Brief:
Please retype the listing below exactly as it stands, skipping any pictures.

Source data:
[Start of Attachment]

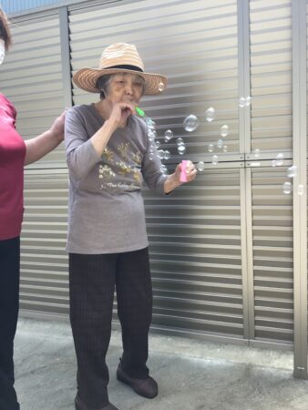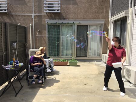スタッフブログ 岩倉 シャボン玉レク★エルステージ岩倉 2024年6月17日 こんにちはエルステージ岩倉です。 梅雨入り前の天気がいい日にシャボン玉レクを行いました。 初めは上手く息が吹けなかった方も練習するうちに上手にシャボン玉が作れるようになりました。 皆さん楽しそうでたくさんの笑い声が聞かれました。 利用者様と楽しいひと時を過ごすことができました。 以上、エルステージ岩倉でした。
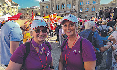 Ein grosses Thema ist nach wie vor die unbezahlte Care-Arbeit. Wir konnten nicht zuletzt auch während dem Lockdown im Frühjahr 2020 sehen was geschieht, wenn Kitas und Grosseltern als Betreuungsinstitutionen wegbrechen. Dies löste in vielen Familien teils grosse Krisen aus. Wir Gewerkschaftsfrauen sind der Meinung, dass Kinderbetreuung Teil des Service public sein muss. Denn nur so kann die Chancengleichheit von jedem Kind optimal gefördert werden. Ausserdem ermöglicht unsere Vision von Kinderbetreuung inkl. Tagesschulen als Service public beiden Elternteilen, stressfreier ihre Erwerbsarbeit nach der Geburt eines Kindes wieder aufzunehmen. Uns Gewerkschaftsfrauen* ist hierbei vor allem der Aspekt der ökonomischen Unabhängigkeit der Frauen sehr wichtig. Wenn eine Frau finanziell unabhängig ist und ebenfalls in die Familienkasse einbezahlt, steht sie auf Augenhöhe mit ihrem Partner und durchbricht das Machtgefälle, das sonst immer vorhanden ist.
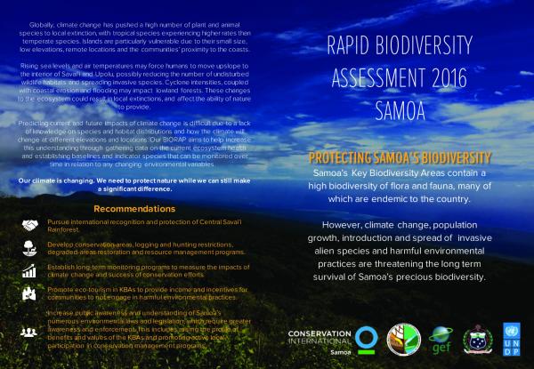 Protecting Samoa's biodiversity; Samoa's key biodiversity areas contain a high biodiversity of flora and fauna many of which are endemic to the country. However climate change, population growth introduced and spread of invasive alien species and harmful environmental practices are threating the long term survival of Samoa's precious biodiversity
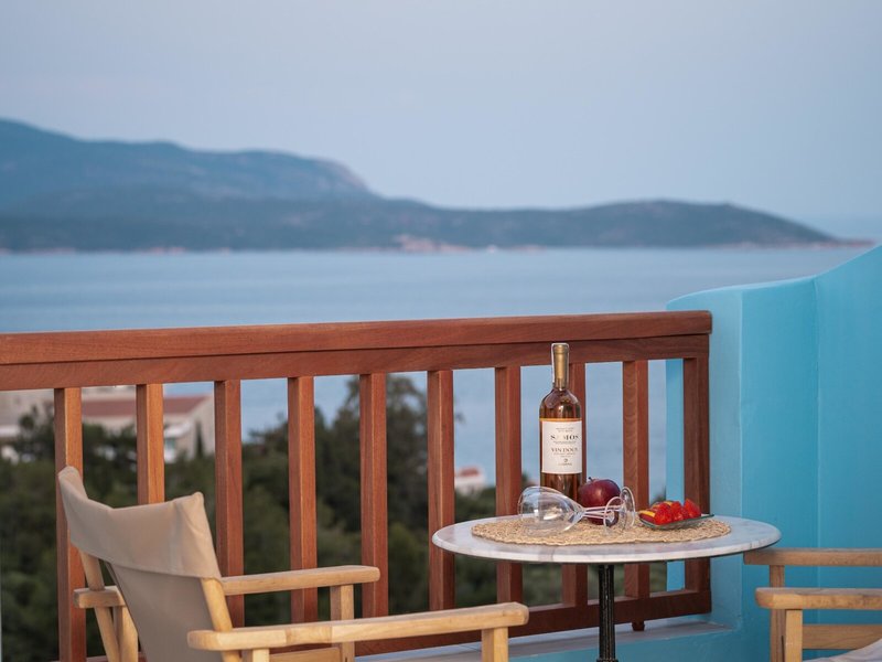Lage & Umgebung Das Hotel liegt in einer idyllischen Umgebung nur etwa 2 km vom Zentrum des historischen Dorfes Pythagorion entfernt. Zum Proteas Strand sind es ungefähr 250 m. Der Flughafen von Samos befindet sich in rund 5 km Entfernung.

[End of Attachment]

Task response:
スタッフブログ 岩倉 シャボン玉レク★エルステージ岩倉 2024年6月17日 こんにちはエルステージ岩倉です。 梅雨入り前の天気がいい日にシャボン玉レクを行いました。 初めは上手く息が吹けなかった方も練習するうちに上手にシャボン玉が作れるようになりました。 皆さん楽しそうでたくさんの笑い声が聞かれました。 利用者様と楽しいひと時を過ごすことができました。 以上、エルステージ岩倉でした。
 Ein grosses Thema ist nach wie vor die unbezahlte Care-Arbeit. Wir konnten nicht zuletzt auch während dem Lockdown im Frühjahr 2020 sehen was geschieht, wenn Kitas und Grosseltern als Betreuungsinstitutionen wegbrechen. Dies löste in vielen Familien teils grosse Krisen aus. Wir Gewerkschaftsfrauen sind der Meinung, dass Kinderbetreuung Teil des Service public sein muss. Denn nur so kann die Chancengleichheit von jedem Kind optimal gefördert werden. Ausserdem ermöglicht unsere Vision von Kinderbetreuung inkl. Tagesschulen als Service public beiden Elternteilen, stressfreier ihre Erwerbsarbeit nach der Geburt eines Kindes wieder aufzunehmen. Uns Gewerkschaftsfrauen* ist hierbei vor allem der Aspekt der ökonomischen Unabhängigkeit der Frauen sehr wichtig. Wenn eine Frau finanziell unabhängig ist und ebenfalls in die Familienkasse einbezahlt, steht sie auf Augenhöhe mit ihrem Partner und durchbricht das Machtgefälle, das sonst immer vorhanden ist.
 Protecting Samoa's biodiversity; Samoa's key biodiversity areas contain a high biodiversity of flora and fauna many of which are endemic to the country. However climate change, population growth introduced and spread of invasive alien species and harmful environmental practices are threating the long term survival of Samoa's precious biodiversity
Lage & Umgebung Das Hotel liegt in einer idyllischen Umgebung nur etwa 2 km vom Zentrum des historischen Dorfes Pythagorion entfernt. Zum Proteas Strand sind es ungefähr 250 m. Der Flughafen von Samos befindet sich in rund 5 km Entfernung.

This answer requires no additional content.